Privacy-Preserving XGBoost Inference
This work addresses privacy concerns for users who need accurate predictions but are unwilling to share sensitive data with commercial services, representing an incremental improvement in privacy-preserving machine learning.
The paper tackles the problem of sensitive predictive queries in machine learning by proposing a privacy-preserving XGBoost inference algorithm, which has been implemented and evaluated on AWS SageMaker, showing it is efficient enough for real-world production environments.
Although machine learning (ML) is widely used for predictive tasks, there are important scenarios in which ML cannot be used or at least cannot achieve its full potential. A major barrier to adoption is the sensitive nature of predictive queries. Individual users may lack sufficiently rich datasets to train accurate models locally but also be unwilling to send sensitive queries to commercial services that vend such models.
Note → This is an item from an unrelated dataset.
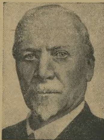
Büroführer General Smuts in Berlin.

erstrahlte das Ganze im Licht stärkster elektrischer Beleuchtung, die Marconi von Rom aus durch Herz-Wellen einschaltete.

One central goal of privacy-preserving machine learning (PPML) is to enable users to submit encrypted queries to a remote ML service, receive encrypted results, and decrypt them locally. We aim at developing practical solutions for real-world privacy-preserving ML inference problems. In this paper, we propose a privacy-preserving XGBoost prediction algorithm, which we have implemented and evaluated empirically on AWS SageMaker. Experimental results indicate that our algorithm is efficient enough to be used in real ML production environments.